▸ **Directions**
Without the images, repeat every line of the listing exactly.

*** Provided data ***

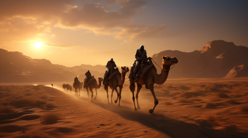 ancient arab tribes migrating through desert with camels and caravans Cinematic Lens and Lighting Very photorealism Detailed --ar 16:9
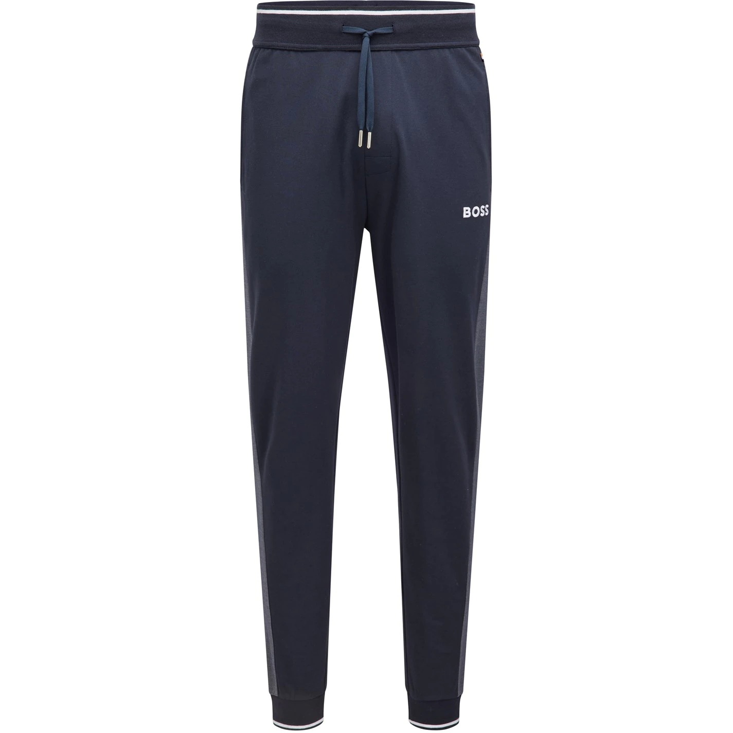 The Boss Bodywear Tracksuit Joggers are a great addition to your loungwear wardrobe, crafted with a wide elasticated waistband coupled with an elasticated trim to the ankle cuffs and an adjustable drawcord provides a secure fit. Side slip pockets provides ample space for your essentials, a solid colouring coupled with the Boss branding completes the look.
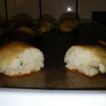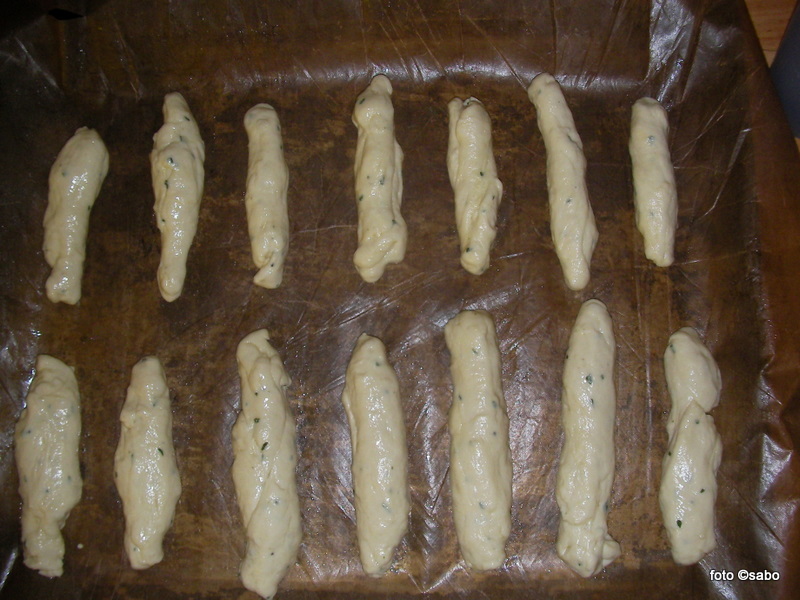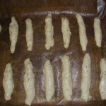 Diese Portionen in kleine ca. tischtennisballgroße Portionen weiter unterteilen, Würstchen rollen, die in etwa 10 cm lang sind. Das ganze ist eine etwas rutschige Angelegenheit wegen des Öls und außerdem hat Hefeteig ja die fiese Angewohnheit, gerne in seinen Ursprünglichen Zustand zurückschnippen zu wollen. Aber mit etwas Überredungskunst gelang es mir, die Teile einigermaßen auf dem Backblech zum Liegen zu bekommen.
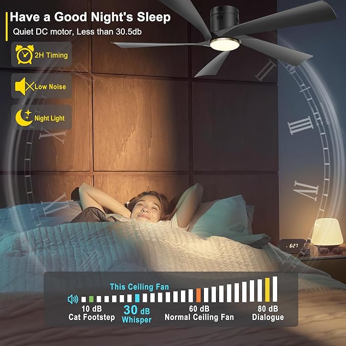 - Quiet DC Motor: Ohniyou black ceiling fan reduces power loss by 85%. smart ceiling fan operates below 30dB for a virtually noiseless, peaceful environment. the quiet ceiling fan can be timed for 2H for energy savings and convenient control

*** End of Provided data ***

▸ **Task answer**
 ancient arab tribes migrating through desert with camels and caravans Cinematic Lens and Lighting Very photorealism Detailed --ar 16:9
 The Boss Bodywear Tracksuit Joggers are a great addition to your loungwear wardrobe, crafted with a wide elasticated waistband coupled with an elasticated trim to the ankle cuffs and an adjustable drawcord provides a secure fit. Side slip pockets provides ample space for your essentials, a solid colouring coupled with the Boss branding completes the look.
 Diese Portionen in kleine ca. tischtennisballgroße Portionen weiter unterteilen, Würstchen rollen, die in etwa 10 cm lang sind. Das ganze ist eine etwas rutschige Angelegenheit wegen des Öls und außerdem hat Hefeteig ja die fiese Angewohnheit, gerne in seinen Ursprünglichen Zustand zurückschnippen zu wollen. Aber mit etwas Überredungskunst gelang es mir, die Teile einigermaßen auf dem Backblech zum Liegen zu bekommen.
 - Quiet DC Motor: Ohniyou black ceiling fan reduces power loss by 85%. smart ceiling fan operates below 30dB for a virtually noiseless, peaceful environment. the quiet ceiling fan can be timed for 2H for energy savings and convenient control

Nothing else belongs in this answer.